What are the most promising experimental designs to investigate the potential role of CCP110 dysregulation in cancer progression?

To investigate CCP110 dysregulation in cancer progression, implement these sophisticated experimental designs:

• Multi-cancer tissue microarray analysis: Use validated CCP110 antibodies on tissue microarrays spanning multiple cancer types and their corresponding normal tissues. The documented positive tissues for CCP110 antibodies include human breast cancer tissue, colorectal adenocarcinoma tissue, and testicular germ cell tumor tissue . Quantify expression levels and correlate with clinicopathological features to identify cancer types where CCP110 dysregulation is particularly relevant.

• CRISPR/Cas9-mediated CCP110 modulation in cancer models: Generate isogenic cancer cell lines with CCP110 knockout, knockdown, or overexpression using CRISPR/Cas9 technology. Assess effects on centrosome numbers, mitotic fidelity, genomic stability, and hallmarks of cancer (proliferation, invasion, anchorage-independent growth) using antibody-based detection methods.

• Patient-derived xenograft (PDX) studies: Establish PDX models from tumors with varying CCP110 expression levels (as determined by antibody staining). Monitor tumor growth, metastatic potential, and response to therapies, particularly those targeting cell cycle checkpoints or centrosome amplification.
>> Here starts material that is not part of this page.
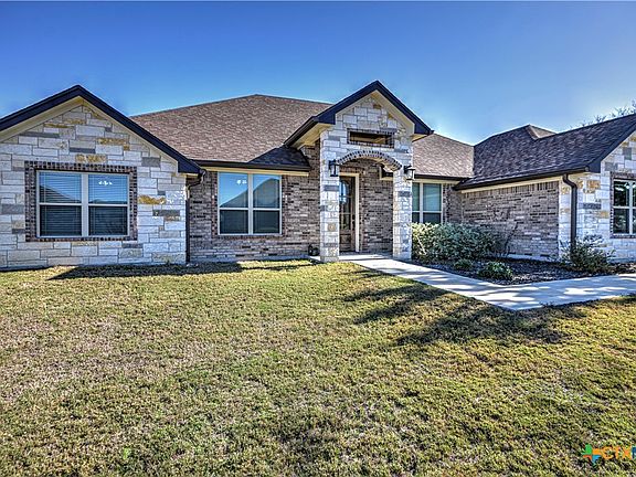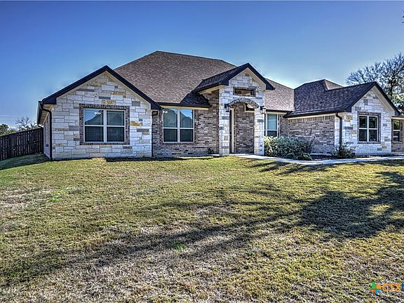 Welcome home to a spacious and functional 4-bedroom, 3-bath property in Beulah Bluff Estates, set on .73 acres and designed for everyday comfort and easy entertaining. Step inside to an open living area with cathedral ceilings, warm wood beam accents, and oversized windows that bring in natural light and showcase the covered back patio. A dedicated office and a formal dining area offer flexibility for work, gatherings, and day-to-day living. The kitchen flows seamlessly into the living and dining spaces and includes granite countertops, a pantry, and a built-in oven and microwave for effortless meal prep and hosting. The split floor plan offers intentional separation. The primary suite is privately positioned on one side of the home with sliding glass door access to the patio and an ensuite with a corner garden tub, walk-in shower, dual vanities, and a spacious walk-in closet. Two secondary bedrooms share a full bath on the opposite side. A fourth bedroom is tucked near the back of the property with a short hallway that includes a full bathroom, plus convenient access to the back patio — a great setup for guests, a private workspace, or multi-generational living. Outdoor living is a highlight. The covered back patio features a wood-plank ceiling, ceiling fan, and outdoor sink/prep counter, making it easy to enjoy peaceful evenings, weekend cookouts, or gatherings with family and friends in the expansive backyard. Beulah Bluff Estates offers a comfortable setting with quick access to I-14 and I-35, area lakes, parks, and recreation — ideally situated for traveling to local attractions or commuting to Fort Hood.

• Live-cell imaging of CCP110 dynamics in cancer cells: Using cell lines stably expressing fluorescently tagged CCP110, perform live-cell imaging during cell division in normal versus cancer cells. Compare centrosomal localization patterns, removal kinetics during ciliogenesis, and protein stability using complementary antibody-based approaches for validation.

• Interaction proteomics in cancer contexts: Perform immunoprecipitation with CCP110 antibodies followed by mass spectrometry in normal versus cancer cells to identify cancer-specific alterations in CCP110 interaction networks, particularly focusing on interactions with oncogenes or tumor suppressors.

• Centrosome amplification correlation studies: In cancer samples with centrosome amplification, use CCP110 antibodies alongside markers of centrosome amplification (e.g., γ-tubulin, centrin) to determine if CCP110 levels correlate with the degree of amplification and chromosomal instability.

• Therapeutic targeting evaluation: Test compounds that indirectly modulate CCP110 levels or activity (e.g., CDK inhibitors, which may affect CCP110 phosphorylation) in CCP110-high versus CCP110-low cancer models. Use CCP110 antibodies to monitor effects on protein levels, localization, and modification states.

• Correlation with cancer stem cell markers: In tumors with cancer stem cell populations, investigate whether CCP110 levels (detected by antibody staining) correlate with stemness markers, potentially indicating a role in maintaining cancer stem cell properties.

These experimental approaches would provide comprehensive insights into how CCP110 dysregulation contributes to cancer progression and potential therapeutic vulnerabilities.